1 Introduction

The scMerge algorithm allows batch effect removal and normalisation for single cell RNA-Seq data. It comprises of three key components including:

  1. The identification of stably expressed genes (SEGs) as “negative controls” for estimating unwanted factors;
  2. The construction of pseudo-replicates to estimate the effects of unwanted factors; and
  3. The adjustment of the datasets with unwanted variation using a fastRUVIII model.

The purpose of this vignette is to illustrate some uses of scMerge and explain its key components.

2 Loading Packages and Data

We will load the scMerge package. We designed our package to be consistent with the popular BioConductor’s single cell analysis framework, namely the SingleCellExperiment and scater package.

suppressPackageStartupMessages({
  library(SingleCellExperiment)
  library(scMerge)
  library(scater)
  })

We provided an illustrative mouse embryonic stem cell (mESC) data in our package, as well as a set of pre-computed stably expressed gene (SEG) list to be used as negative control genes.

The full curated, unnormalised mESC data can be found here. The scMerge package comes with a sub-sampled, two-batches version of this data (named “batch2” and “batch3” to be consistent with the full data) .

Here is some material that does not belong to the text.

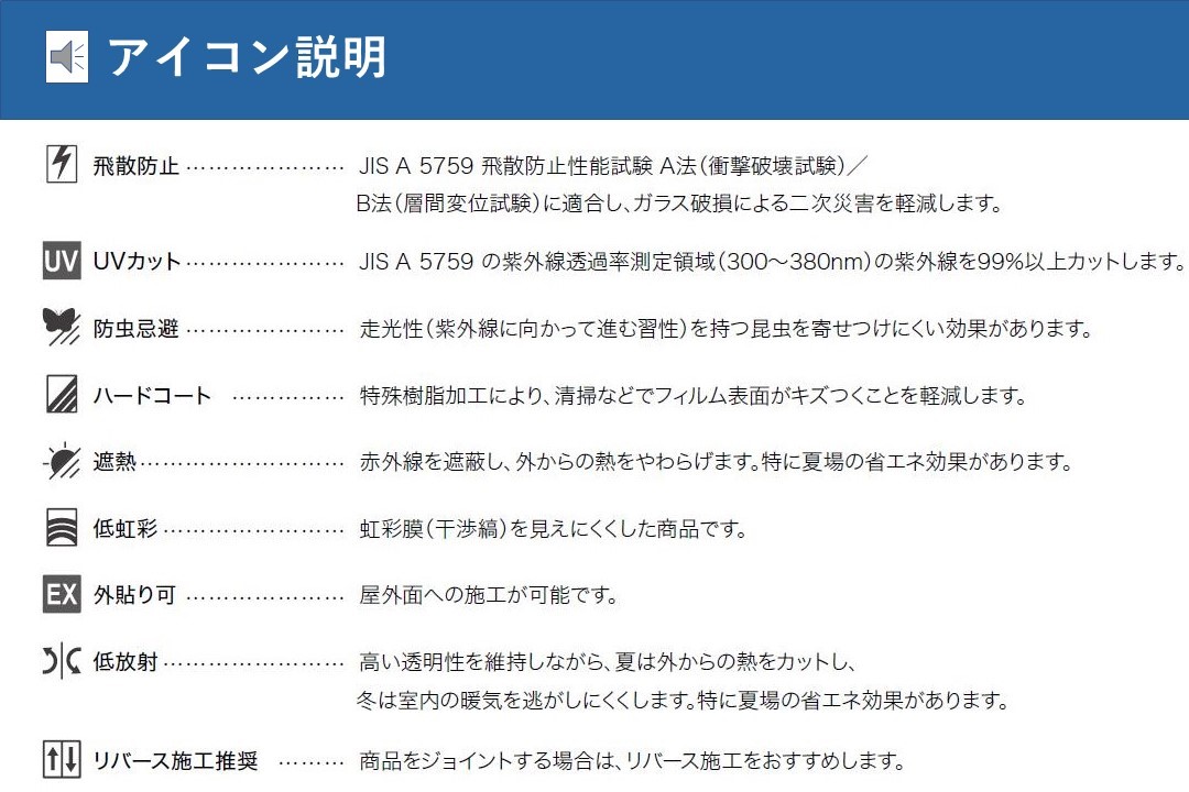 | 商品説明 | 表示金額は10cmになります。 1m以上10cm単位での販売(最低数量=10) キーワード 機能性とデザイン性を兼ね備えた2022-2024年のクレアス ガラスフィルムです。環境配慮型商品のほか、遮熱や飛散防止をはじめとした各種機能性商品に加え、自然をモチーフにした意匠性の高い商品などを収録しています。オフィスやホテル、商業施設をはじめ住宅にも使用できる、ガラスフィルムは全167点のラインアップです。 |

## Subsetted mouse ESC data
data("example_sce", package = "scMerge")

In this mESC data, we pooled data from 2 different batches from three different cell types. Using a PCA plot, we can see that despite strong separation of cell types, there is also a strong separation due to batch effects. This information is stored in the colData of example_sce.

scater::plotPCA(
  example_sce, 
  colour_by = "cellTypes", 
  shape_by = "batch")

3 Illustrating pseudo-replicates constructions

The first major component of scMerge is to obtain negative controls for our normalisation. In this vignette, we will be using a set of pre-computed SEGs from a single cell mouse data made available through the segList_ensemblGeneID data in our package. For more information about the selection of negative controls and SEGs, please see Section select SEGs.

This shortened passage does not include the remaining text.